### WORK TO COMPLETE
The answer must consist solely of the lines from the opening line of the entries through the line with "Wil je een Apple", transcribed exactly and without any pictures.

(MATERIAL PROVIDED)

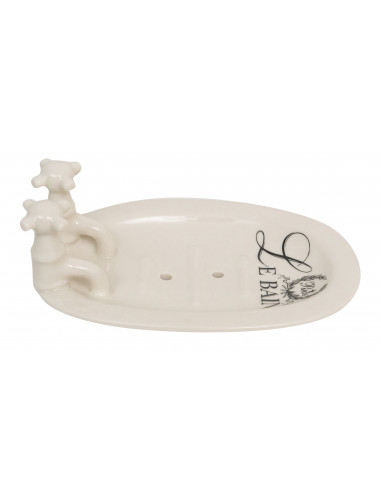 Jabonera vaciabolsillos de porcelana blanca para jabón con adornos "Le Bain Paris" 15x10x6 cm
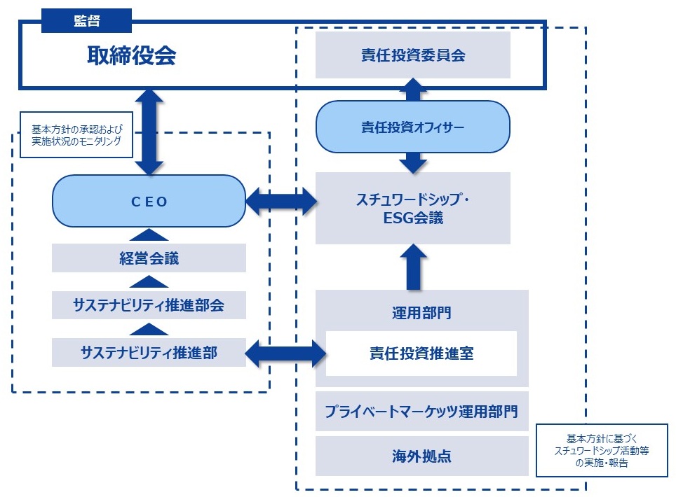 サステナブル投資に関する方針策定および実施状況のモニタリングは、「スチュワードシップ・ESG会議」、「経営会議」および「取締役会(内部委員会である責任投資委員会を含む)」により行っております。
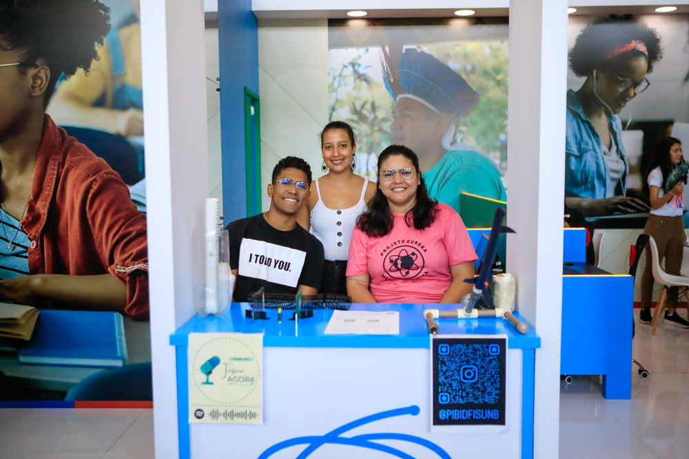 Imagem: Thayna Araújo (centro) e Safira Áthena (direita) entrevistam mulheres cientistas em podcast (Naiara Demarco - CGCOM/CAPES)
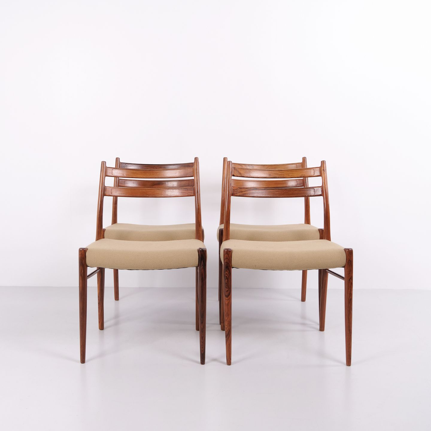 Set of 4 dining chairs in rosewood by Arne Wahl Iversen for Glyngøre Stolefabrik. Danish design from the 1950s.
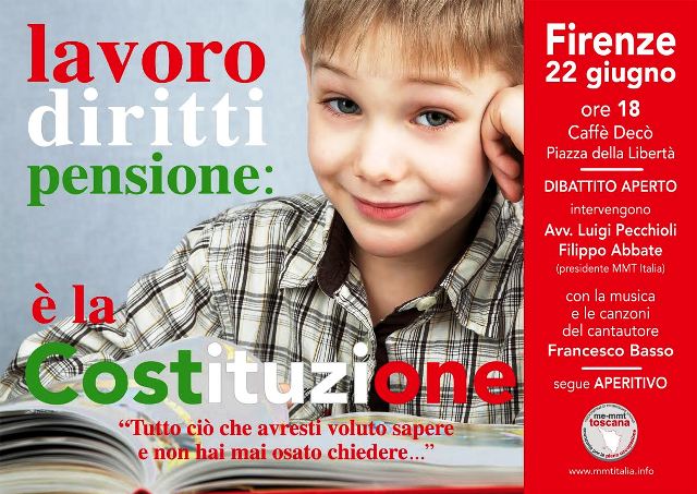 Giovedì 22 Giugno 2017 ore 18,00 presso il Caffè Decò, Piazza della Libertà, Firenze, si terrà l'iniziativa 'Lavoro, diritti, pensione: è la Costituzione. Tutto ciò che avresti voluto sapere e non hai mai osato chiedere...”
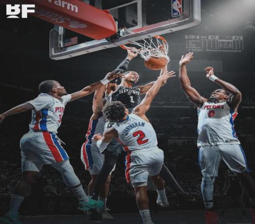状元大战状元,本赛季马刺两战活塞,文班亚马一共送给坎宁安5记大帽。今天文班亚马再次打出炸裂数据:出战38分50秒,投篮24中12,三分10中4,罚球11中10,狂轰38分16篮板3助攻5盖帽,正负值+20并列全场最高。
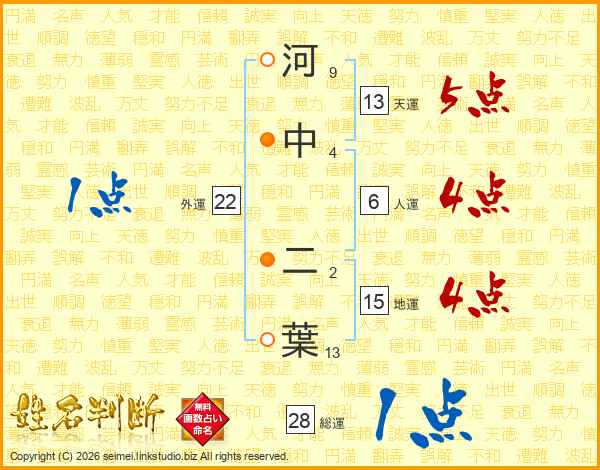 河中二葉さんの総運は28画の1点!
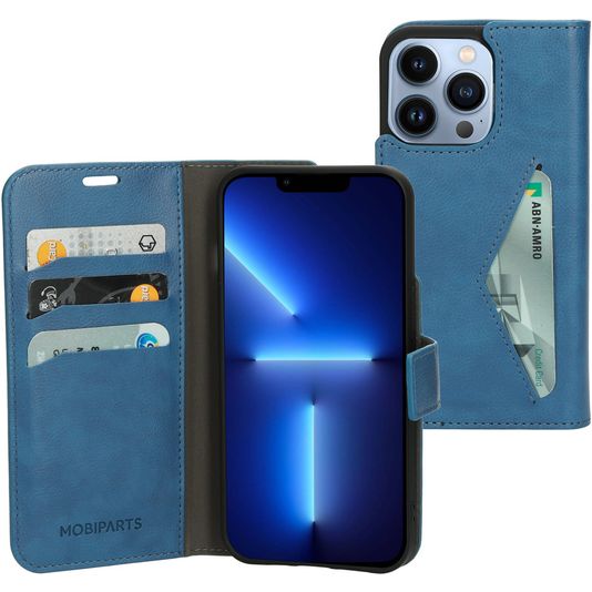 Wil je een Apple iPhone 13 Pro hoesje met volledige bescherming rondom en een stijlvol en praktisch design? Dan is dit Mobiparts Classic Wallet bookcase hoesje voor Apple iPhone 13 Pro de perfecte keuze. Het booktype hoesje is gemaakt van hoogwaardig kunstleer en uitgevoerd in de kleur steel blue. Met een boek hoesje is je Apple iPhone 13 Pro rondom goed beschermd, inclusief het kwetsbare scherm. De voorklep opent opzij als een boek en sluit stevig met een magnetische sluiting. Er is ruimte voor 4 pasjes zodat je altijd je bankpas of ID bij de hand hebt.
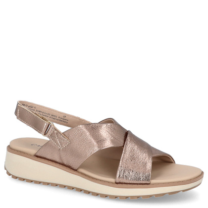 Poszukujesz butów na nadchodzący sezon letni? Kochasz stylowe obuwie, lecz równie ważna jak wygląd jest dla Ciebie wygoda? Spójrz tylko na najnowsze sandałki CAPRICE! Ten znany niemiecki producent od lat specjalizuje się w tworzeniu butów, które łączą ciekawe wzornictwo z zachwycającą wygodą. Cholewka wykonana została z miękkiej skóry naturalnej w złotym odcieniu. Sandały posiadają zapinanie na rzep, dzięki czemu dostosujesz je idealnie do szerokości swojej stopy. Wkładka wykonana z naturalnej skóry zapewni odpowiednią cyrkulację podczas upalnych dni! But stabilnie trzyma stopę i do tego świetnie prezentują się na nodze.
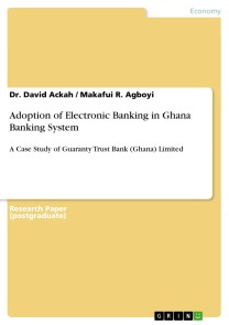 Research Paper (postgraduate) from the year 2014 in the subject Business economics - Banking, Stock Exchanges, Insurance, Accounting, grade: A, ( Atlantic International University ) (School of Business and Economics), course: Ph.D. Economics, language: English, abstract: Electronic banking (e-banking) has brought about a revolution in the functioning of banks as it offers major opportunities to banks and their customers. This has made the transition to electronic banking a necessity for banks in order to be viable. Despite its benefits, developing countries still lag behind in the adoption of electronic banking. This study therefore seeks to examine the adoption of e-banking in the Ghanaian banking industry with Guaranty Trust Bank Ghana Limited (GTBank) as the case study to identify the benefits, challenges and critical success factors for the adoption of e-banking in the Ghanaian banking industry. The research made use of questionnaires and interviews to collect data from staff and customers of GTBank. The results of the study indicated that e-banking adoption was a business strategy taken by the bank in response to customer needs and the changing marketing trends in the banking industry. The benefits, challenges and critical success factors of e-banking are also identified and discussed. From the study it is obvious that tremendous benefitssuch as revenue generation, improvement in productivity and efficiency in service delivery and cost savings were derived from e-banking. The lack of a solid technology infrastructure was identified as a major challenge of e-banking adoption in the country. The study however revealed that there is a promising future for e-banking in Ghana.Some recommendations to enhance the adoption of e banking in country are made based on this study.
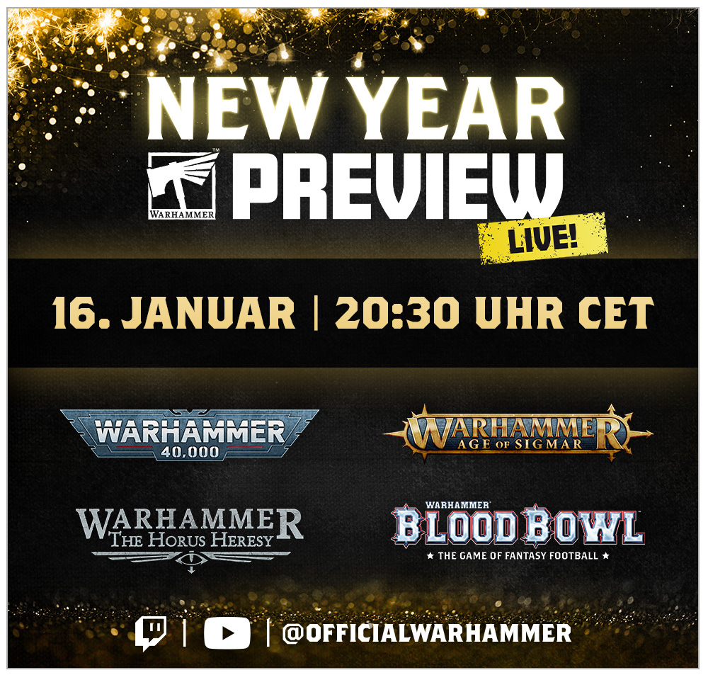 Die New Year Warhammer Preview Live! 2026 wird direkt hier aus der Warhammer World um die ganze Welt übertragen. Adam und Eddie sind unsere Moderatoren, die dich durch all die spannenden neuen Enthüllungen begleiten werden. Hast du bereits die sehr subtilen Hinweise im Video auf das gesehen, was kommen mag? Wir können bestätigen, dass die New Year Preview Warhammer 40.000, Warhammer Age of Sigmar, Warhammer: The Horus Heresy und Blood Bowl abdecken wird.
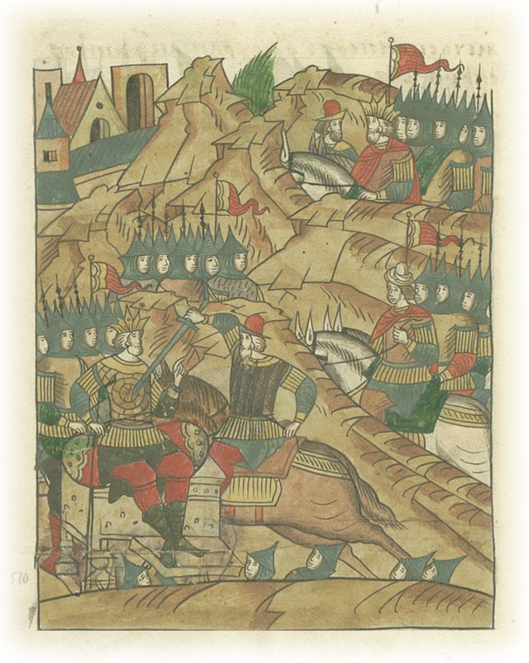 Языки говорят воеводам царя Ивана Васильевича, что магистр окопался большим рвом вокруг города Рындола, бьет из пушек и пищалей и приступает к Рындолу.

(End MATERIAL PROVIDED)

### ANSWER FOR THE TASK
 Jabonera vaciabolsillos de porcelana blanca para jabón con adornos "Le Bain Paris" 15x10x6 cm
 サステナブル投資に関する方針策定および実施状況のモニタリングは、「スチュワードシップ・ESG会議」、「経営会議」および「取締役会(内部委員会である責任投資委員会を含む)」により行っております。
 Imagem: Thayna Araújo (centro) e Safira Áthena (direita) entrevistam mulheres cientistas em podcast (Naiara Demarco - CGCOM/CAPES)
 Set of 4 dining chairs in rosewood by Arne Wahl Iversen for Glyngøre Stolefabrik. Danish design from the 1950s.
 Giovedì 22 Giugno 2017 ore 18,00 presso il Caffè Decò, Piazza della Libertà, Firenze, si terrà l'iniziativa 'Lavoro, diritti, pensione: è la Costituzione. Tutto ciò che avresti voluto sapere e non hai mai osato chiedere...”
状元大战状元,本赛季马刺两战活塞,文班亚马一共送给坎宁安5记大帽。今天文班亚马再次打出炸裂数据:出战38分50秒,投篮24中12,三分10中4,罚球11中10,狂轰38分16篮板3助攻5盖帽,正负值+20并列全场最高。
 河中二葉さんの総運は28画の1点!
 Wil je een Apple iPhone 13 Pro hoesje met volledige bescherming rondom en een stijlvol en praktisch design? Dan is dit Mobiparts Classic Wallet bookcase hoesje voor Apple iPhone 13 Pro de perfecte keuze. Het booktype hoesje is gemaakt van hoogwaardig kunstleer en uitgevoerd in de kleur steel blue. Met een boek hoesje is je Apple iPhone 13 Pro rondom goed beschermd, inclusief het kwetsbare scherm. De voorklep opent opzij als een boek en sluit stevig met een magnetische sluiting. Er is ruimte voor 4 pasjes zodat je altijd je bankpas of ID bij de hand hebt.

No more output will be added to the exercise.